We’re on a mission to make sure our data is spot-on. No fancy stuff here, just plain old checking and fixing.

Double-Checking the Year

First up, we want to make sure all our data is from the right year — 2016. Let’s peek at the dates in the stations table:

--Check the 'online_date' range 
SELECT 
 min(online_date) AS earliest_online_date,
 max(online_date) AS latest_online_date
FROM
 stations;

✅The dates are right where they should be — between 2013 and 2016. No surprises here!

Now, let’s shift our attention to the starttime and stoptime in the trips table:

--Check the 'online_date' range 
SELECT
 min(starttime) AS earliest_start_time, 
 min(stoptime) AS earliest_stop_time,
 max(starttime) AS latest_start_time,
 max(stoptime) AS latest_stop_time
FROM
 trips;

✅While the latest stoptime stretches a bit into 2017, the starting times are solidly in 2016.

So, we’re good to go, the 2016 trips are all here! 🤝

Categorical Data: Ensuring Consistency and Constraints

Let’s keep it real — we’re making sure our data is on point. No complex stuff, just a bit of checking and fixing for our categorical data. Here are the fields we’re looking at to make sure everything’s consistent:

usertype

Check the usertype field:

-- Check distinct categories in 'user_type'
SELECT 
 DISTINCT usertype
FROM
 trips;

The user-type has an unexpected value — “Dependent.” We don’t have info on that in our meta-data. 🤔

Since the “Dependent” category is like a tiny drop in an ocean of data, we’ll do away with it for now:

-- Delete 'Dependent' usertype trips data
DELETE FROM
 trips
WHERE 
 usertype = 'Dependent';

✅We’ve kicked out 40 records of “Dependent” user-type trips data.

gender

Check the gender field:

-- Check distinct categories in 'gender'
SELECT 
 DISTINCT gender 
FROM
 trips;

At first glance, the `gender` values may seem okay. But wait, we’ve got blank string values where we expected NULL.🤨

Let’s clear out those blank strings and make them NULL:

-- Update blank string values in 'gender' to NULL
UPDATE 
 trips
SET 
 gender = NULL
WHERE 
 gender != 'Male' AND gender != 'Female'

✅We’ve turned 858,393 blank string values in the `gender` field into NULLs.

But here’s the deal — now we might have NULL values in the gender field for "Subscriber" user-types. So, we'll have to deal with that later if it pops up during our data exploration.

SELECT 
 trip_id,
 usertype,
 gender,
 birthyear
FROM
 trips
WHERE 
 usertype = 'Subscriber' AND
 (gender IS NULL OR birthyear IS NULL);

We found 308 records with NULL values in the gender field. 😅

For now, we’re good to go, but we’ll keep an eye on this during our data exploration phase.

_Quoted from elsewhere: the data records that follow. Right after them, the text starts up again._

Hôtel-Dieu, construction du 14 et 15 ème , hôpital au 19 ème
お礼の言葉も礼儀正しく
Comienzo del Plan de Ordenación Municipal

Ensurestations_idand station_nameconsistency

It’s time to ensure that where our trips begin and end make sense, consistent with the whole dataset.

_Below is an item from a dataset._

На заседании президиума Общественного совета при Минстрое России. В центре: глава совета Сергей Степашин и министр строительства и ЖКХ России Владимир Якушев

Let’s start by checking if the trip origins, marked by from_station_id and from_station_name in the trips table, match up with the info in the stations table.

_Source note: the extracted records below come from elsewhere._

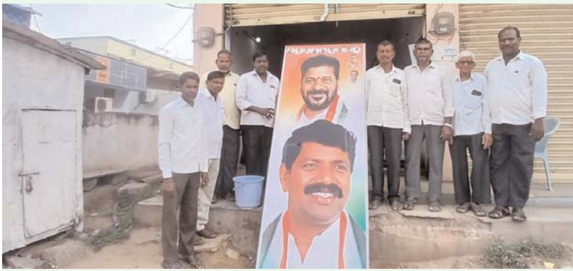
చిట్టాల:జనసేన ప్రతినిధి,మే 15: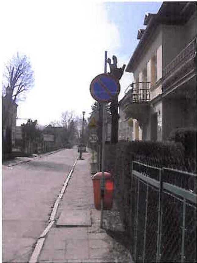
Zdjęcie nr 14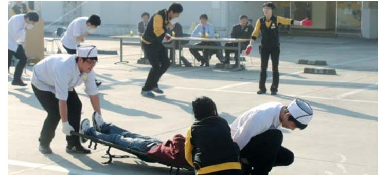
광주 E-마트 광산점은 최근 4개팀이 참여한 가운데 직원들의 안전의식을 고취시키기 위한 ‘동절기 화재예방 소방경진대회’를 개최했다.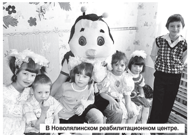
В Новолялинском реабилитационном центре.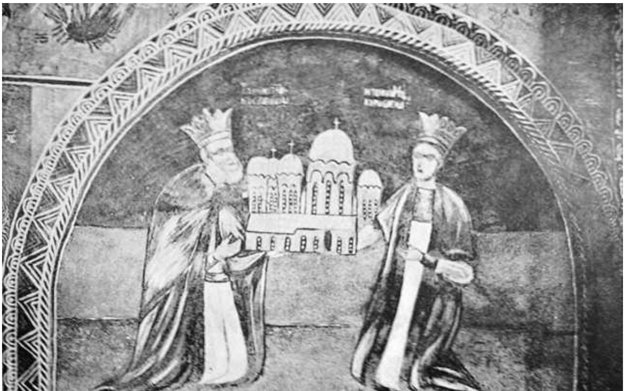
Domnitorul Matei Basarab și Doamna Elina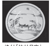
染付「竹林月夜」模様皿(安堵町蔵)

Is from_station_id good to go? Let's find out:

-- Check whether 'trips.from_station_id' matches 'stations.id'
SELECT
 t.from_station_id,
 t.from_station_name,
 s.id,
 s.station_name
FROM 
 trips AS t 
LEFT JOIN
 stations AS s 
 ON t.from_station_id = s.id 
WHERE
 s.id IS NULL;

✅No results returned, which means no NULL values found. In simple terms, all values in trips.from_station_id match with stations.id.

What about from_station_name? Do they line up with stations.name?

-- Check whether 'trips.from_station_name' matches 'stations.name'
SELECT
 t.from_station_id,
 t.from_station_name,
 s.id,
 s.station_name
FROM 
 trips AS t 
LEFT JOIN
 stations AS s 
 ON t.from_station_id = s.id 
WHERE
 t.from_station_name != s.station_name;

We’ve got 17,122 records where trips.from_station_name doesn’t match stations.name.😬

Now, let’s keep it simple — we’ll update trips.from_station_name to match stations.name:

-- Make 'trips.from_station_name' match 'stations.name'
UPDATE
 trips
SET 
 from_station_name = stations.station_name
FROM 
 stations
WHERE
 trips.from_station_id = stations.id AND
 trips.from_station_name != stations.station_name;

✅We’ve sorted out 17,122 records where trips.from_station_name is now good to go, matching with stations.name.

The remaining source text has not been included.